Absently Scott picked at the tape holding his IV in place. “When can I get out of here?” Because the sounds and smells of hospitals have him panicky flutterings in his stomach, for reasons he knew the Professor was well aware of. He wanted out.
"Soon," Xavier replied vaguely. "I'm certain that the medical staff won't keep you a moment longer than necessary. But you do need time to heal. I know it's not a comfortable position for you to be in, but please try to bear it. Remember that you're safe here--Hank or Simon will never be more than a shout away. And I'm no further than a thought. Concentrate for now on rest and recovery."
Scott frowned. He’d never been good at resting. “What will my penance be when I get out?” Since he was confident this was not the sum of the Professor’s words to him on this subject.
"When you're recovered, we'll talk. I owe you a conversation between adults, I think. As for punishment ... I'm really not sure what I could do that would drive your most recent lessons home further than what you've already experienced. Still, I suppose we can discuss that, too. If you want."
Scott nodded and immediately regretted it. His head hurt. “Okay. For what it’s worth, I’m sorry.”
The Professor nodded. "Of course, this puts me in the uneviable position of trying to find a way to discourage students from engaging in this kind of independent vigilante action without also dampening enthusiasm for participation in X-Force. I'm certain to end up sounding like either a hypocrite or a senile old man." He smiled wryly. "I suppose there might be more truth to both accusations than I'd normally care to acknowledge."
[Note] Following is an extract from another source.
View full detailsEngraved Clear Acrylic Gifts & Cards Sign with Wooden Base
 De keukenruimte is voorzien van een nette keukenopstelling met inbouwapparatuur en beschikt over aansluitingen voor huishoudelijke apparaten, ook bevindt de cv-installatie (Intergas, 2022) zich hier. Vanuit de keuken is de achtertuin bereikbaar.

“That’s just it, though. It wasn’t X-Force. And look how it turned out.” He looked down at his bed ruefully. And that wasn’t the half of it; they’d failed. “What X-Force does is important.
“And we can’t do it on our own.” And wasn’t that a bitter pill to swallow, but he had only himself to blame.
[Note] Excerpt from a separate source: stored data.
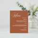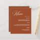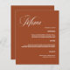 Fundo cor de laranja queimado. Personalize e adicione seus nomes, data e menu. Texto branco. 1 folha = 1 menu impresso borda a borda.
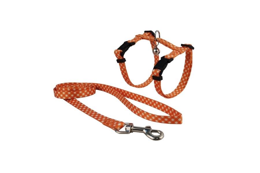 კატის აღკაზმულობა საბელით, შოტლანდიური – ნარინჯისფერი M / Cat harness with leash plaid orange Medium 25-40სმx35-55სმ
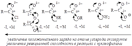 Величина положительного заряда, возникающего на атоме углерода оксогруппы, увеличивается с усилением электроноакцепторного характера заместителя (d+ возрастает с усилением отрицательного индуктивного эффекта по сравнению с положительным мезомерным эффектом). Отличием приведенных выше соединений от альдегидов и кетонов является то, что 2 электрона p-связи углерод-кислород участвуют в сопряжении с неподеленной парой р-электронов гетероатома (атомов галогена, серы, кислорода или азота), что приводит к повышению стабильности соединений. Нуклеофильное присоединение к карбонильной группе этих соединений приводило бы к изменению гибридизации атомных орбиталей углерода с sp2 на sр3 и разрушению системы сопряжения, уменьшению стабильности молекулы. Для сохранения сопряженной системы в реакциях с нуклеофилами после присоединения нуклеофильной частицы происходит отщепление уходящей группы и регенерация сопряжения. В итоге нуклеофильная частица оказывается связанной с ацильной группой – R-C=O, поэтому реакции производных карбоновых кислот называют реакциями ацилирования. Общая схема нуклеофильного замещения имеет вид:
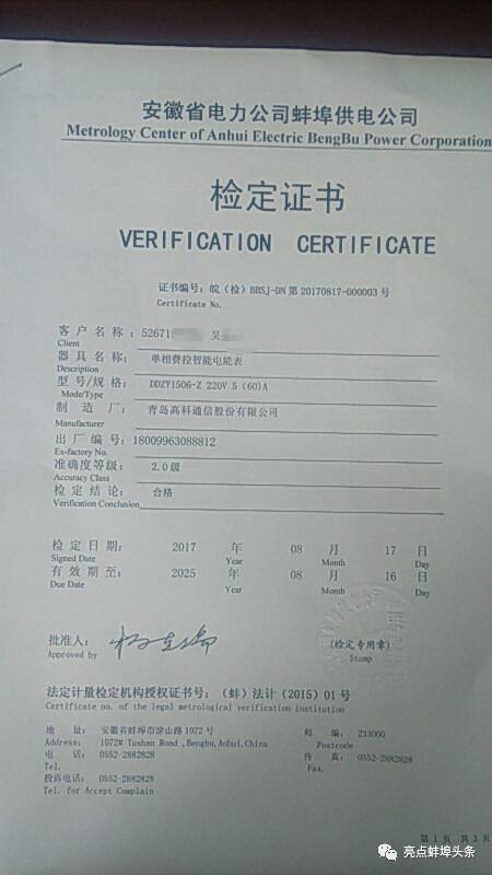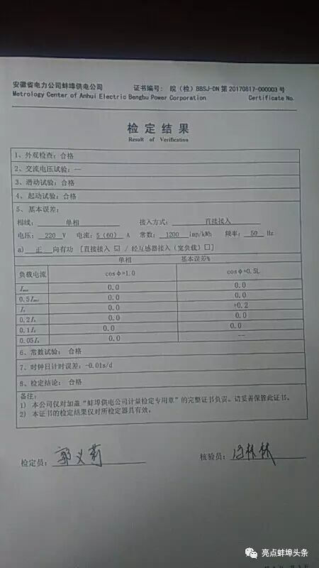 该户于2017年8月17日15:05分校验,依据计量鉴定规程JJG596-2012《电子式交流电能表》,对电表12负荷点进行了校验全部合格,具体见该户《鉴定证书》。

Xavier seemed surprised to hear Scott speak the words, but he nodded. "I'm afraid the distinction will appear fairly trivial, to those inclined to be critical of the team. Perhaps if I'd been more receptive to tackling Essex head-on, this could have all been avoided. It's a very different, sending you against a human evil like the Right, versus a monster that I know from my own experience--and perhaps fear, a little, too. But your team managed to force him to retreat. With more support, we might have been able to put a stop to him once and for all." He sighed, and pinched the bridge of his nose. "We all have a great deal to think about, it seems."
”Great.” Scott said dryly. “More thinking.”
"Perhaps the most unfortunate reality of transitioning into responsible adulthood," Xavier nodded. "There's always more thinking."
That was undoubtedly true, and Scott had a moment of amusement at being told they would need to think more after having been told his whole life to think a little less.
“Well, if I can help...I mean, it’s my fault you’re in this bind.”
"I can manage the repercussions well enough, in the short-term," The Professor reassured him, then added, "However, once you're more fully recovered, perhaps you might stop by my office one afternoon? We can spend a bit of time thinking at this particular dilemma together."
Scott nodded carefully, in deference to his head. “Yes, sir.”
"I should let you get some rest," Xavier said, giving Scott's shoulder a reassuring squeeze. "We'll speak again soon." He hesitated for a moment, then added, "And Scott? I'm glad you managed to make it back in more or less one piece. It's one of those rare occasions I'm glad to have misjudged a situation. Somewhat."
Scott’s small huff of amusement was followed by a wince. “Somewhat.”